Max Weber, el destacado economista y sociólogo alemán, acuñó un término que describe perfectamente a muchos de los actuales y antiguos senadores, con las debidas excepciones: patrimonialismo de Estado.
Este concepto se refiere a un sistema en el que el poder y la administración del Estado están altamente personalizados y concentrados en manos de un líder o un grupo dominante. Tal como lo describió Weber, estos legisladores no diferencian claramente entre los recursos y bienes públicos y los que poseen privadamente. Así, no dudan en usar fondos fiscales como si fueran su propiedad personal, distribuyéndolos a su antojo.

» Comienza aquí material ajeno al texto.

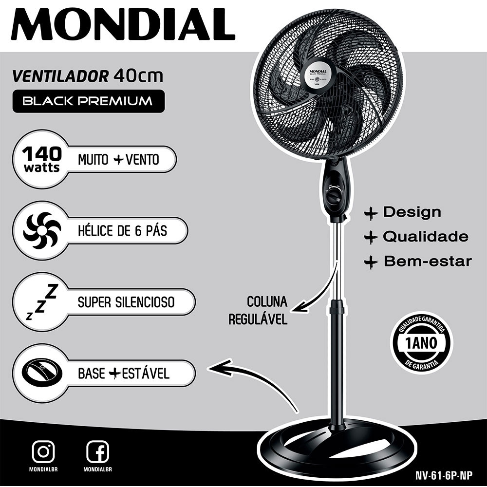 O Ventilador de Coluna Premium Black Mondial traz conforto e bem estar nos dias quentes de verão. Produzido em plástico preto com 3 velocidades e alimentação elétrica de 127v ele oferece mais vento com menos barulho, garantindo uma vazão de ar muito eficiente com um baixo consumo de energia. Sua coluna é regulável, grades desmontaveis e seu botão de fácil acionamento para movimento oscilante se encontra na direção horizontal do produto, também possui ajuste de inclinação.

Sin una fiscalización adecuada ni un sustento legal, utilizan el barrilito para dispensar favores basados en lealtades personales, adhesiones políticas u otras razones cuestionables. En el Senado han olvidado la buena administración y la transparencia, en una clara muestra de corrupción normativa. La verdadera función de un legislador dista mucho de la distribución arbitraria de favores y recursos. Su responsabilidad es legislar y, como parte del Estado, servir de contrapeso a las otras ramas del poder.

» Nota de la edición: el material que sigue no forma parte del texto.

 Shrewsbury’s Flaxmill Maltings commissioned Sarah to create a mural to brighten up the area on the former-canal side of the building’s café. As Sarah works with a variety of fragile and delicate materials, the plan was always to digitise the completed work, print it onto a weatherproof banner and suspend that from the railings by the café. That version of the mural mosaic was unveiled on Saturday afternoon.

El barrilito fomenta el clientelismo y atenta contra la institucionalidad que debería garantizar la rama legislativa. El poder que los senadores reciben en las elecciones no incluye la subversión de la democracia ni la apropiación del erario para uso discrecional. No sería sorprendente que, en algún momento, una ONG o un individuo lleve a los senadores ante la justicia por el uso indebido de fondos públicos. En resumen, el barrilito es un acto ilícito y debe ser tratado como tal. Si el barrilito no presentara un evidente conflicto ético, todos los senadores lo utilizarían, dejando sin argumentos a quienes preguntan: ¿Más impuestos para que los políticos despilfarren más?